I was on the phone with my mom today. She said in Spanish, “You know, you have a guardian angel. And that angel is working overtime to keep you safe. So please, just relax and enjoy your life.” After I hung up the phone I began to sob. She was right. I should be dead right now, or locked up in an institution - but here I am, In a new city, with a decent job in a decent apartment with all the support a human could ask for. Sure, my family isn’t very emotional or sensitive (we never talk about our feelings or how I’ve hurt them) - but that’s what my therapist is for. Was for. I’m 26 now so I lost my insurance. I don’t receive any outside help and I know it’s effecting me in a negative way.

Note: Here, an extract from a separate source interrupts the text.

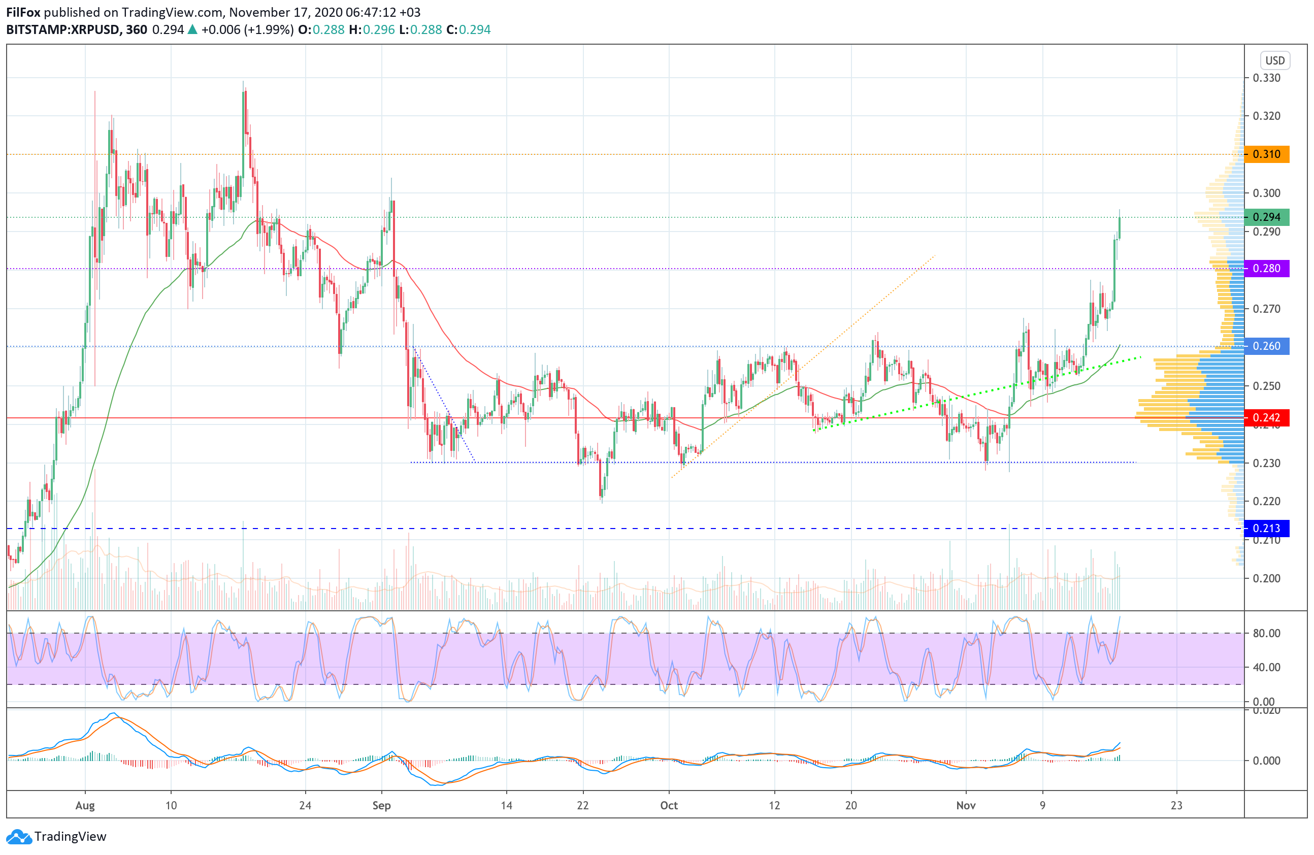 Вчера крупные покупатели поддержали рост цены Ripple и пробили сопротивление 0.280 USD. В конце дня рост продолжился и сегодня ночью пара обозначила месячный максимум в точке 0.296 USD.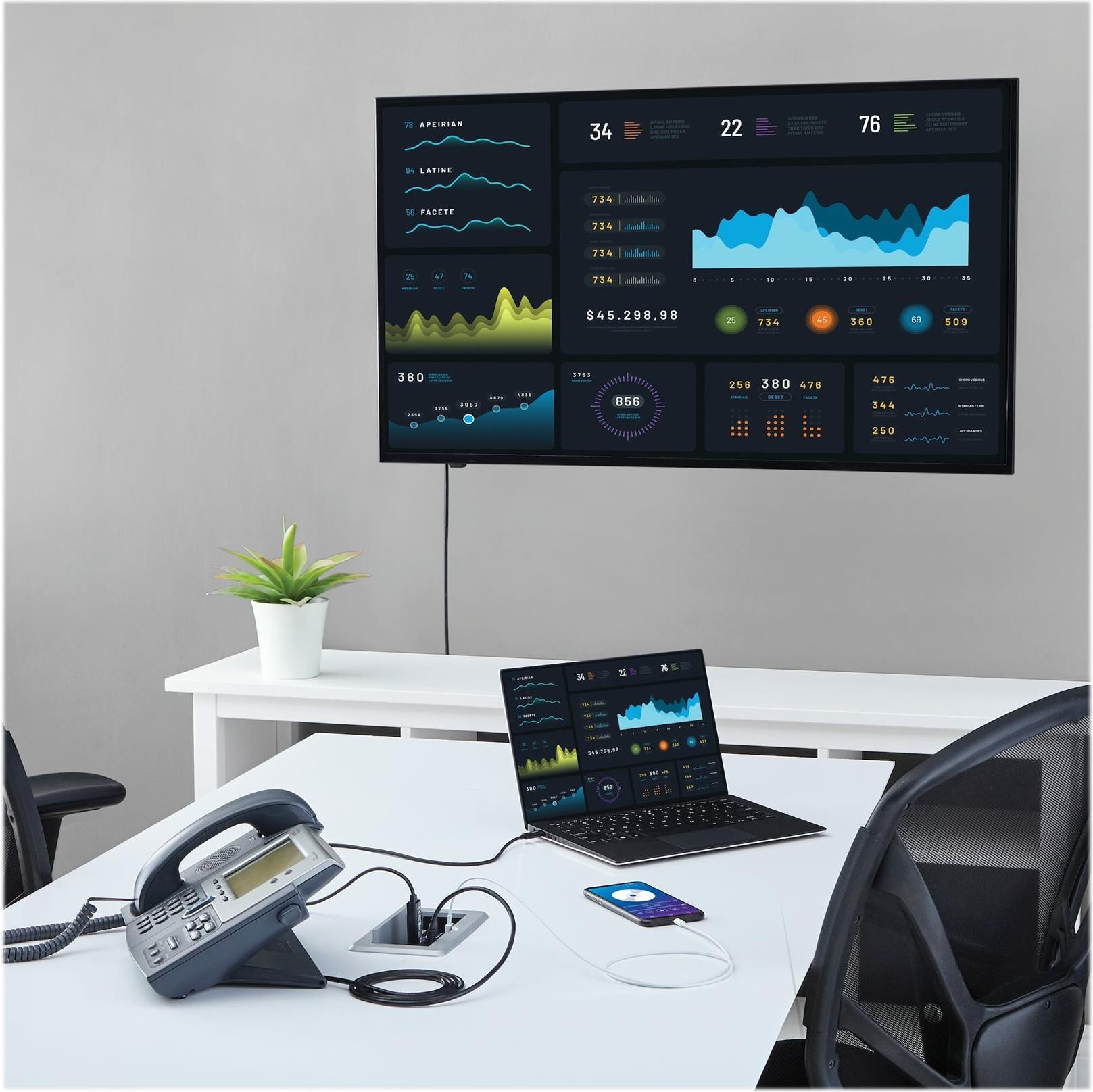 Diese Konnektivitätsbox für Konferenztische ermöglicht A/V-Installationen im Konferenztisch oder Rednerpult zur Bereitstellung von A/V-, Netzwerk- und USB-Ladeanschlüssen in Ihrem Konferenzraum, Auditorium oder Klassenzimmer. Das Gehäuse erleichtert das Anschließen von Laptops mit HDMI-, DisplayPort- und VGA-Anschlüssen an das große HDMI-Display im Raum und bietet LAN- und USB-Anschlüsse zum Laden von USB-Geräten. Die Box bietet auch Kabelmanagement für den Konferenzraum, da Anschlusskabel im Tisch untergebracht werden können.

I’m sick in the head. I have many mental illnesses that need to be treated. Even when I stay clean, my bulimia becomes violent and my obsession to pick my scalp is unnerving. My sister thinks that we both suffer from OCD. I agree. And I sighed in relief when she told me this - because I thought my sister was “perfect” and couldn’t truly understand how demonic my thought patterns are. But she has my blood, and my gene pool is FULL of undiagnosed mental health issues that go untalked about.
I keep forgetting to write. But here I am. I’m alive and I’m still trying. I go to work, I see my lover (he broke up with me but we still sleep together and spend every weekend together, so nothing has really changed), I try and smile and hang out with sober friends but my anxiety is debilitating. Some days I feel completely disabled and useless. I hate that I had to be dumped to realize what a great partner I had in my life. I’m doing everything in my power to make things right between us. I will NOT let this addiction destroy another relationship. He’s a normie so he has no idea what I go through; he always listens and and never judges. He just needs me to be honest. And let’s face it: I’m a fucking liar.
We all are. If you’re an addict, you’re probably a liar. You’re probably selfish. And you’re definitely in pain and suffering from a real disease. All I can do is share my words - that’s truly all I can do.
Watching Demi Lovato share her story about overdosing on fentanyl through her documentary series and newest song has inspired me to be candid about my own experience. I don’t have as much influence as she does, but fuck, I know this epidemic needs another junkie willing to bare it all in order to shed light on the truth.
I’m sorry if I keep disappointing you. But you need to understand, recovery is not linear. You don’t go to rehab and come out a “fixed” person. It’s an every day battle I have to fight the second I open my eyes every morning (afternoon). I’ll pray for you if you pray for me.